The morning started with the court questioning the last panel of potential jurors. The afternoon included a pre-trial motions hearing deciding on gun evidence.

WALTERBORO, S.C. — Jury screening continued Tuesday in the murder trial of Alex Murdaugh, who is charged with the murder of his wife, Maggie, and his youngest son, Paul.

Many jurors were dismissed for already forming an opinion on the case. 

Some of the potential jurors included a woman whose children knew Buster Murdaugh, a man who attended a Murdaugh Christmas party and a man who explained he was a distant cousin of the Murdaugh family. 

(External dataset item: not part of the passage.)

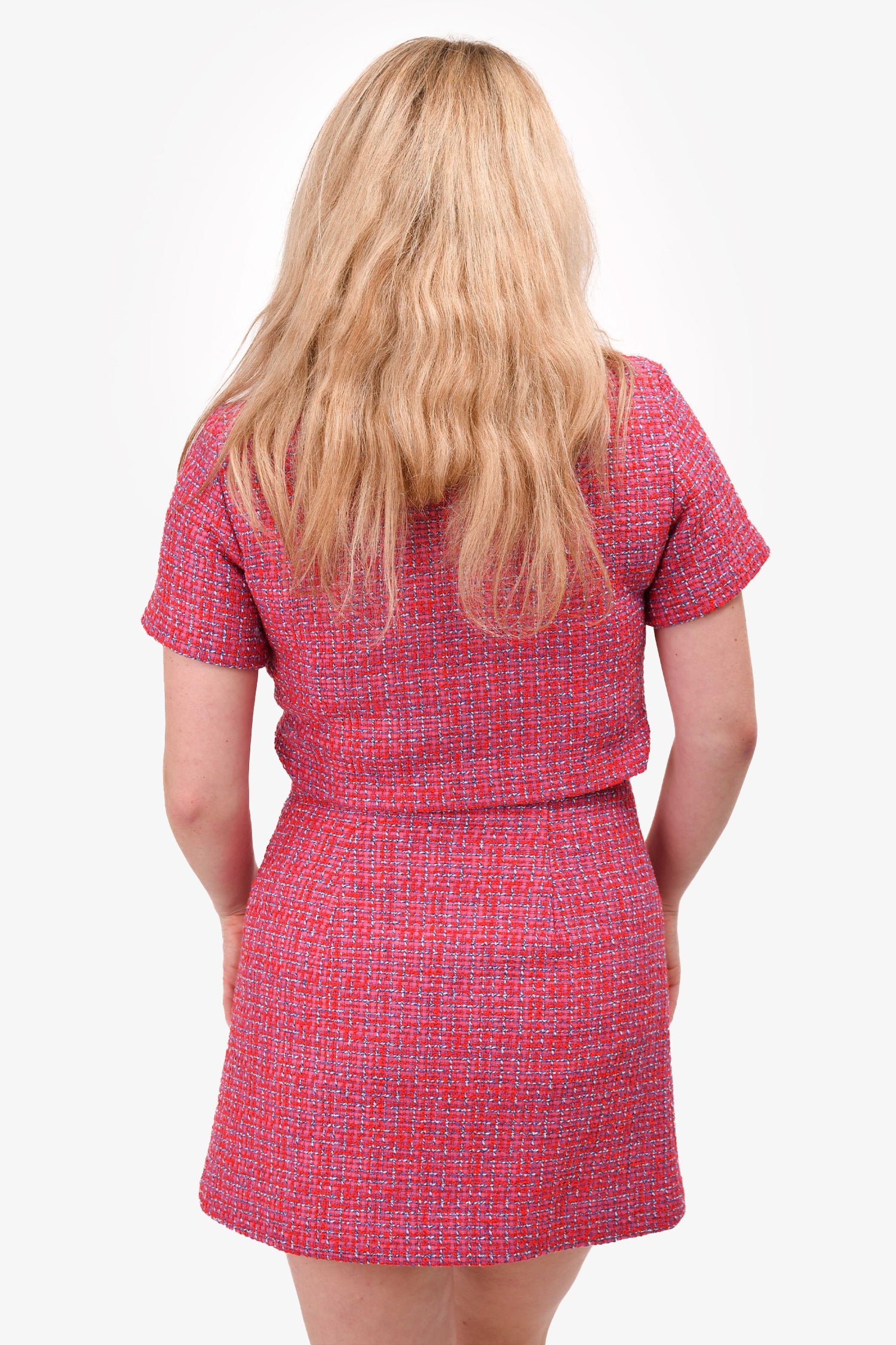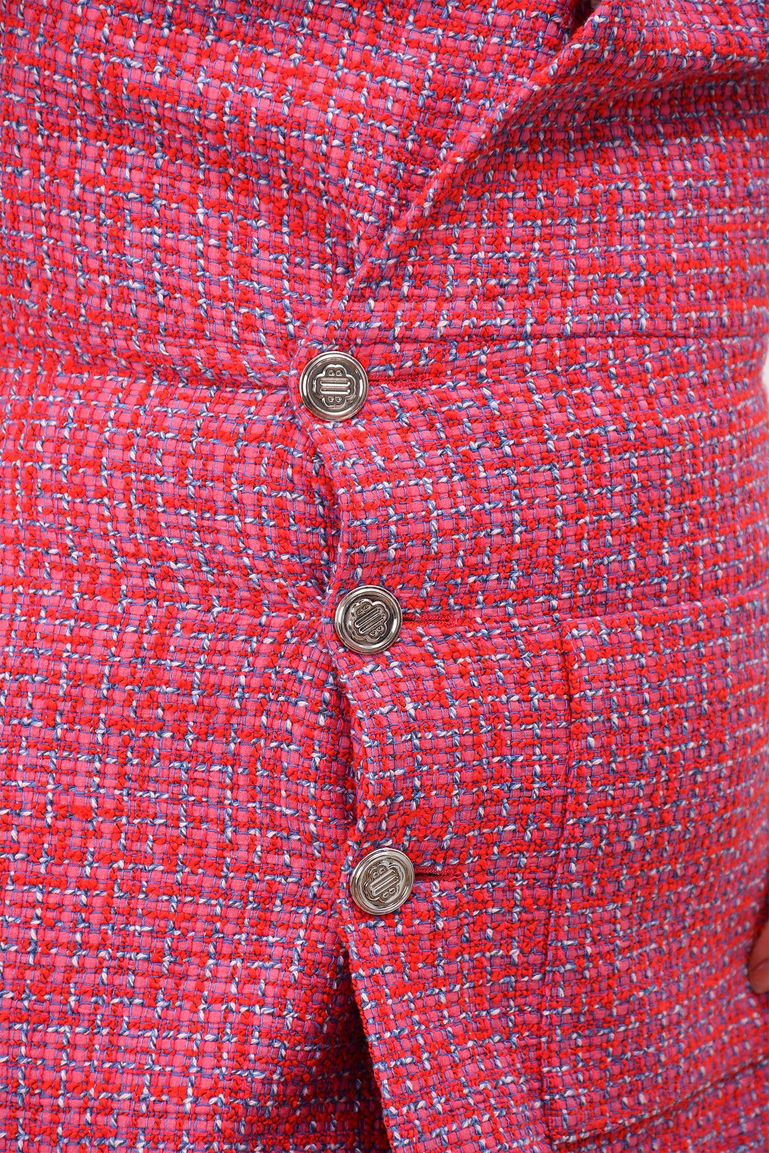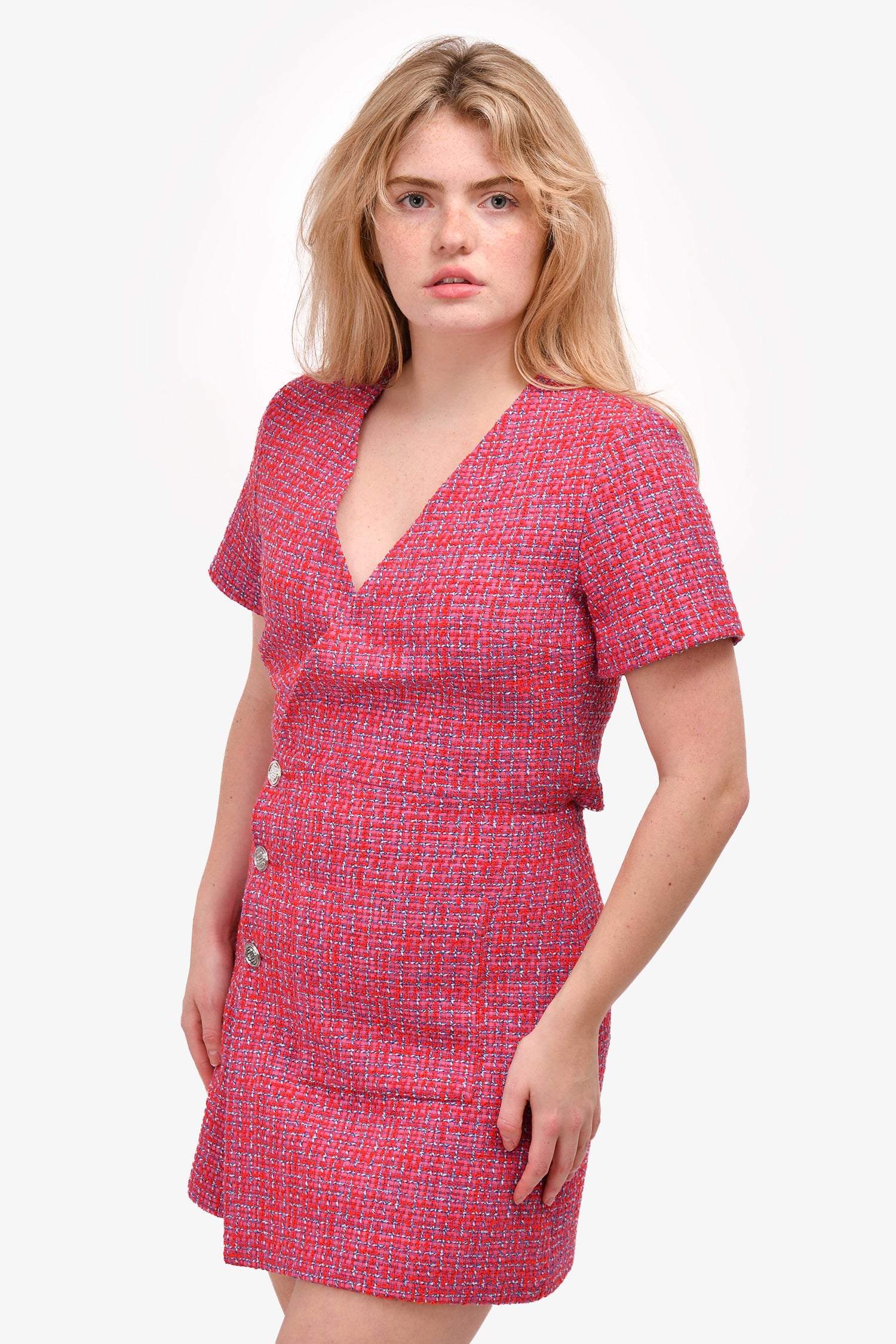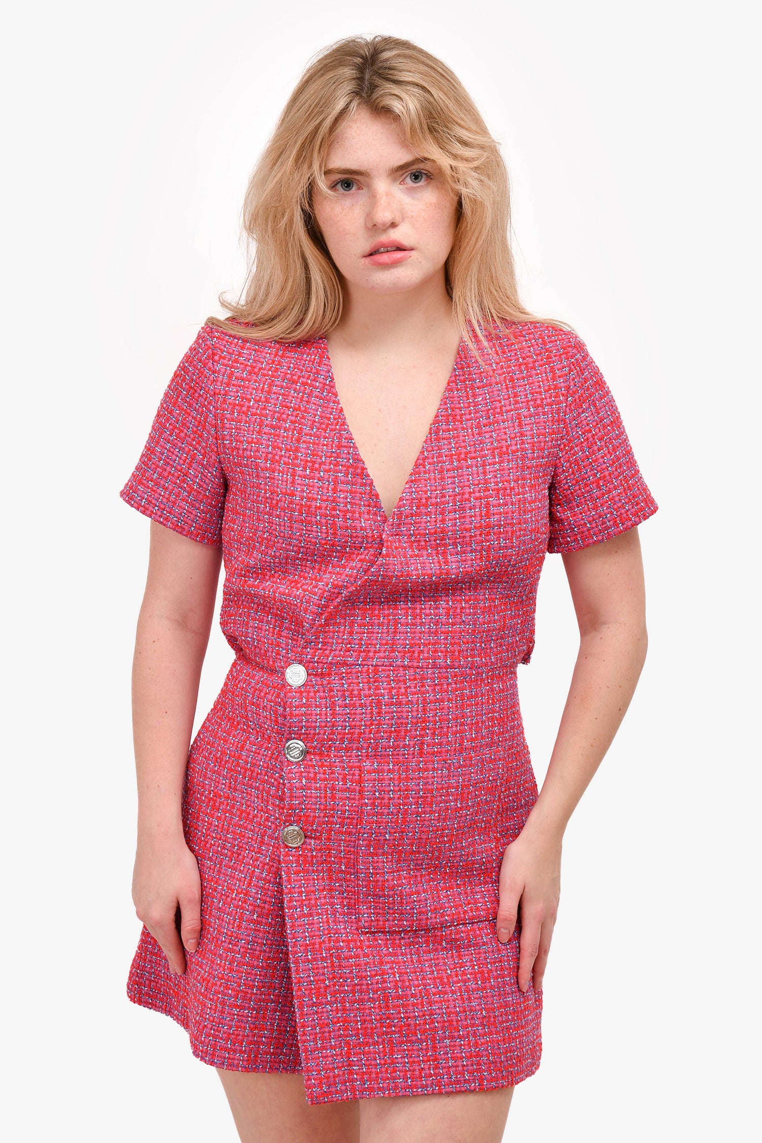 Refresh availabilityMaje Pink Tweed Asymmetrical Buttoned Dress. Silver-tone hardware. Front button-up closure. With snap-on closure at the top. One front pocket. Opening on the back. Tonal stitching.

At the end of the day, 110 pre-qualified potential jurors remained. The selection of 18 jurors and alternates from the prequalified pool will begin Wednesday at 11 a.m.

Then, following the final potential juror panel this morning, pre-trial motions began around 2:45 p.m. Right before the afternoon hearing, in the courtroom, defense and prosecuting attorneys spoke with one another and also in their teams separately. 

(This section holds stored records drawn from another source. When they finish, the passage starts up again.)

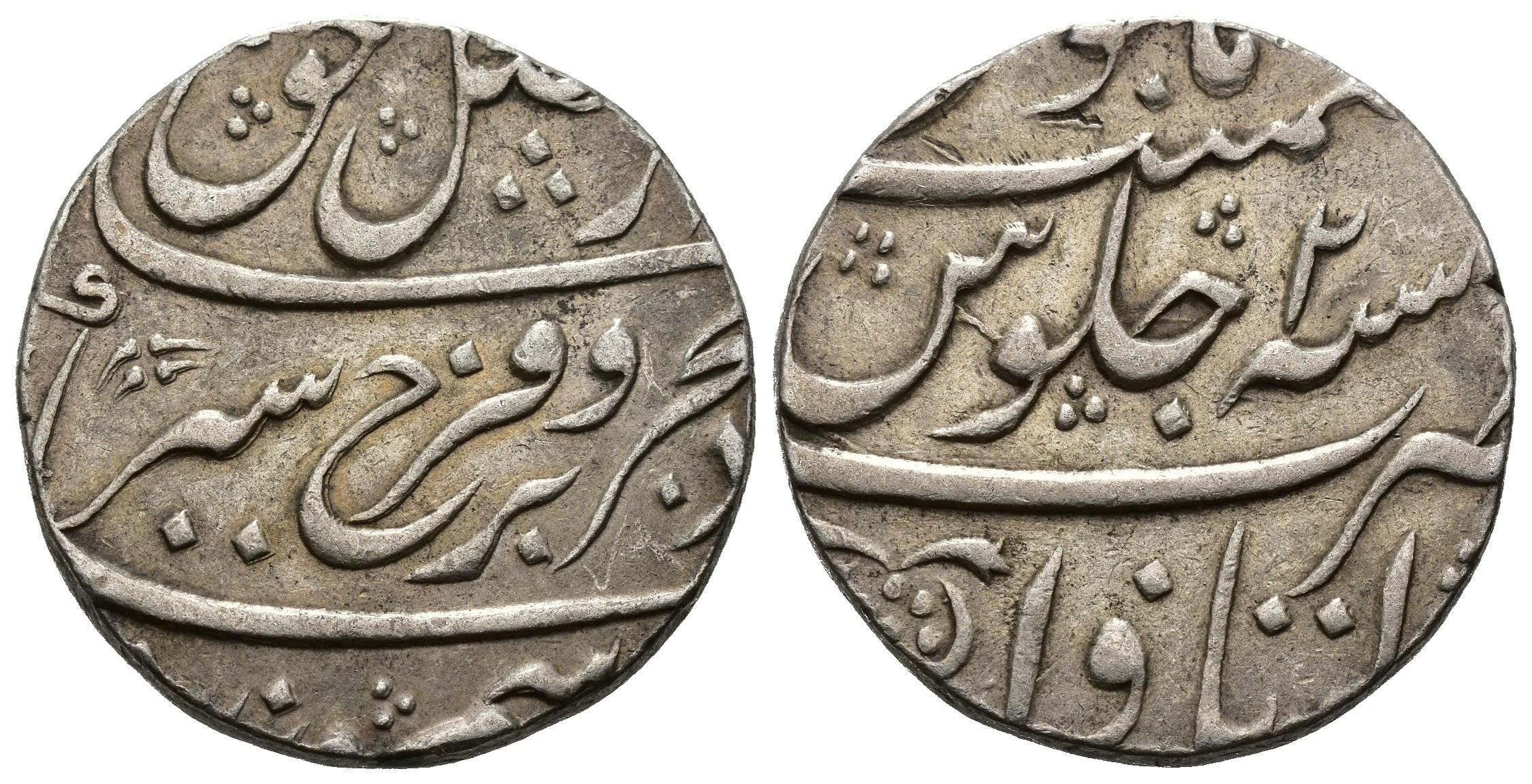 MOGOLES. YILAL AL-DIN FARRUJSIYYAR B. MUHAMMAD 'AZIM (1124-1131/1713-1719). Rupia. Itawa. 1125 H. AR 11,43 g. 23 mm. KM#377.34a. EBC-.
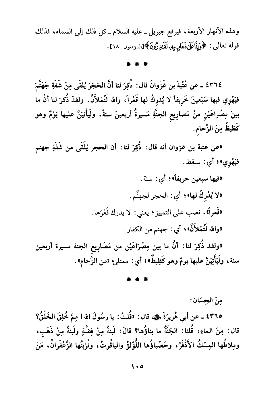 4364 - عن عُتْبةَ بن غَزْوانَ قال: ذُكِرَ لنا أنَّ الحَجَرَ يُلقَى مِنْ شَفَةِ جَهَنَّمَ فيَهْوِي فيها سَبْعينَ خَرِيفًا لا يُدرِكُ لها قَعْرًا، والله لَتُمْلأَنَّ. ولقدْ ذُكرَ لنا أنَّ ما بينَ مِصْراعَيْنِ منْ مَصارِيعِ الجنَّةِ مَسيرةُ أربعينَ سنةً، ولَيأْتيَنَّ عليها يَوْمٌ وهو كَظيظٌ مِنَ الزِّحامِ.
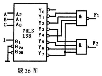 如题 36图所示, 74LS138是 3线-8线译码器。 要求:写出F1, F2的逻辑表达式,并判断该电路的逻辑功能。
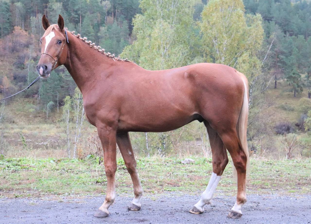 Жеребец полукровной спортивной породы (мама - полукровной спортивной породы, отец - тракененской). Рыжей масти.
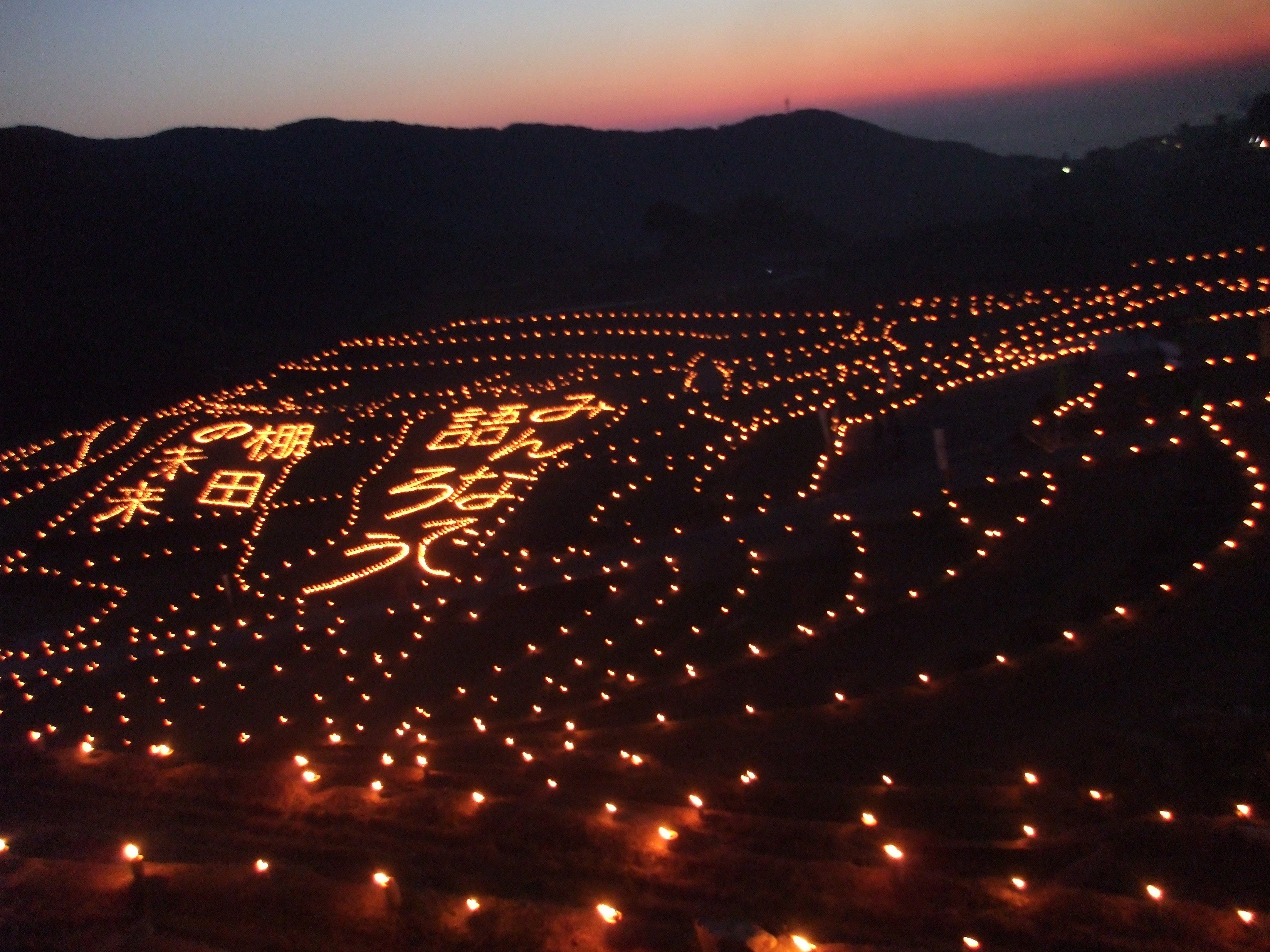 その後活動のきっかけの香美町の棚田でも仲間と一緒にキャンドルを棚田に並べ

Lynn Murdaugh Goette, Alex Murdaugh's sister showed up to the pre-trial motions hearing. When she walked in, Alex smiled at her, walked over and extended his hand to her to shake hers and say 'hi.' 

At the start of the motions hearing, Alex seemed calm and confident. 

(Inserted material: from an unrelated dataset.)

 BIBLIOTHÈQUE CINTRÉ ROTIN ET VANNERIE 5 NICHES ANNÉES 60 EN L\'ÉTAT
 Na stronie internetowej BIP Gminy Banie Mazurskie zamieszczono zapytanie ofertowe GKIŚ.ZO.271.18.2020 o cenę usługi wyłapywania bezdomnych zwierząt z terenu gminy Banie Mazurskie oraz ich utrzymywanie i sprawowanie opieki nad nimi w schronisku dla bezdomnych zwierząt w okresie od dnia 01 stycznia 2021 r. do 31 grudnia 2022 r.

In the pre-trial motions hearing, attorneys, journalists, expert witnesses and family gathered in the Colleton County Courthouse to hear arguments on pre-trial motions for the Alex Murdaugh murder case.

The first was that of the blood spatter evidence. This was something both prosecutors and defense attorneys came to a compromise on. 

"There are a number of motions that the defense has filed as it relates to a particular blood spatter expert, that being Tom Bevel," prosecuting attorney Creighton Waters said. "In conversations with the defense, we've agreed at this time that will not be discussed in opening or before the jury and, of course, we will alert the court when that testimony is approaching and have an appropriate in camera hearing at that time." 

As for the mentioning of a boating death case involving Alex's deceased son Paul, one of the victims in this case, prosecution and defense attorneys wanted a ruling from Judge Newman.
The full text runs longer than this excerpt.